Costs and costs - very often even financial professionals and economists confuse these almost identical terms. But a mistake in the term can cause serious problems in business finances. How do these two meanings differ?
Difference in terms
Cost, by definition, is a cost estimate of the production resources used by an organization. As for expenses, then, according to accounting, under them is determined the decrease in benefits to the economy during the reporting period, occurring in the form of depletion or outflow of assets. The costs are expressed in a decrease in the capital, which is in no way connected with its distribution among several owners.
These are vague definitions, but three conclusions about costs can be drawn from them. At expenses:
- Products are leaving the company.
- Products remain, but begin to decline in value.
- The products remain, but there is such an obligation to someone from the outside, because of which the company must part with them.

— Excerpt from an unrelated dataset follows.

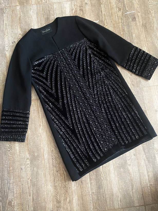🔶 جزئیات: طراحی منحصربهفرد با پنلهای مخمل سوزندوزی بافته شده روی جلوی کت و آستینها؛ دارای قزن مخفی (تنخور عالی 🅰️ - تضمین کیفیت دوخت مزونی 🅰️)

Now in more detail about these three situations.
Analysis of situations
Resources are leaving the company
A common case is when products are completed or finished products (service, work). A person sells a service, work or product, that is, he parted with it, and the resource left the company. Another option is the disappearance of values within the company, that is, theft.
Another interesting example is a fine that a company paid to another company or government.
Resources are lost at cost
Reducing the cost of any financial resources is possible for two reasons:
- Loss of the original characteristics and parameters of materiel items in the enterprise. For example, this is a new car with a working life of 4 years. But after 2-3 months the car got into an accident. It was restored, but it is clear that now it is not only not new, but it will not be able to work normally for its entire service life. The value has dropped, as has the cost due to costs.
- The second reason is already of a technical nature and is related to accounting. The bottom line is that accounting standards oblige accountants to evaluate the company's resources at the smallest value - cost at sale or cost. Therefore, if the cost in accounting is lower than the market value, accountants need to equalize the cost with the market one.
The emergence of obligations
For example, it might concern important products. The company sells a product and sells it to the buyer. After that, the rights are transferred completely to him. However, there are still no products in fact. For example, products that have already been purchased or ordered on a prepaid basis are still being made or tested.
These are the cases in which the product seems to be in the company and is located on its territory, but no longer belongs to it due to its obligations to customers. As a result, it can be noted that costs are the direct or indirect use of resources, while costs are the departure of these resources from the company.